** Data below **
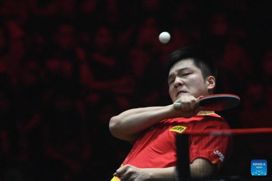 Fan Zhendong of China hits a return during the men's singles semifinal against Uda Yukiya of Japan at the World Table Tennis (WTT) Singapore Smash 2022 in Singapore, March 19, 2022. (Photo by Then Chih Wey/Xinhua)
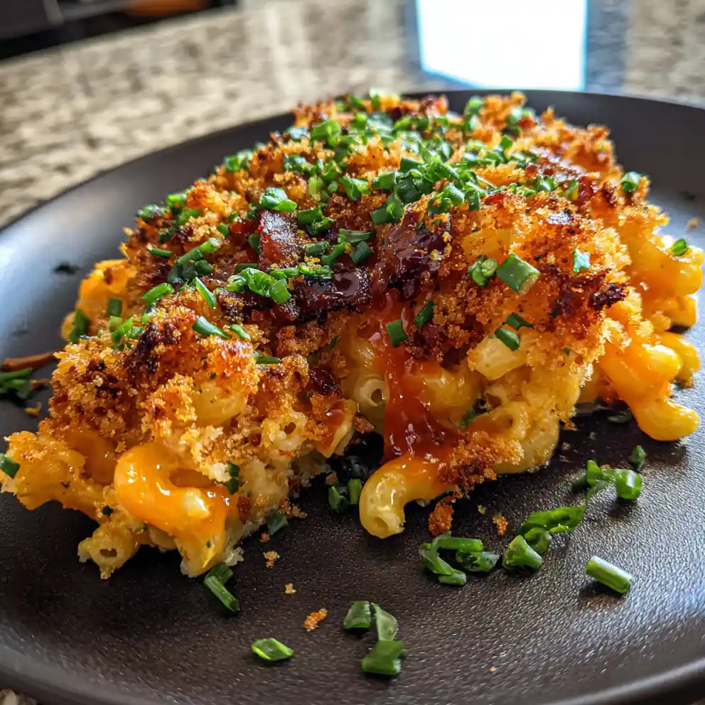 - Rest, Garnish, and Serve: Remove the mac and cheese from the oven and let it rest for 5 minutes before serving. This allows the sauce to set slightly. Drizzle any remaining chipotle-infused cheese sauce over the center, then scatter the chopped fresh chives over the top for a fresh, vibrant garnish. Serve hot.
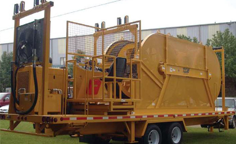 The T150-4H/4 is capable of tensioning 1,2,3 or 4 conductors with infinite variable tensioning control. The bullwheels are independently controlled with the ability to be coupled to increase tension capability. The machine is also capable of full pull-back at reduced linespeed.The trailer is equipped with high flotation tires suitable for pulling the unit through sand or swamp land conditions. The frame is fitted with a single point lift to allow lifting with a crane..

** Work item **
I'd like the material repeated word for word, without the pictures it holds.

** Exercise solution **
 Fan Zhendong of China hits a return during the men's singles semifinal against Uda Yukiya of Japan at the World Table Tennis (WTT) Singapore Smash 2022 in Singapore, March 19, 2022. (Photo by Then Chih Wey/Xinhua)
 - Rest, Garnish, and Serve: Remove the mac and cheese from the oven and let it rest for 5 minutes before serving. This allows the sauce to set slightly. Drizzle any remaining chipotle-infused cheese sauce over the center, then scatter the chopped fresh chives over the top for a fresh, vibrant garnish. Serve hot.
 The T150-4H/4 is capable of tensioning 1,2,3 or 4 conductors with infinite variable tensioning control. The bullwheels are independently controlled with the ability to be coupled to increase tension capability. The machine is also capable of full pull-back at reduced linespeed.The trailer is equipped with high flotation tires suitable for pulling the unit through sand or swamp land conditions. The frame is fitted with a single point lift to allow lifting with a crane..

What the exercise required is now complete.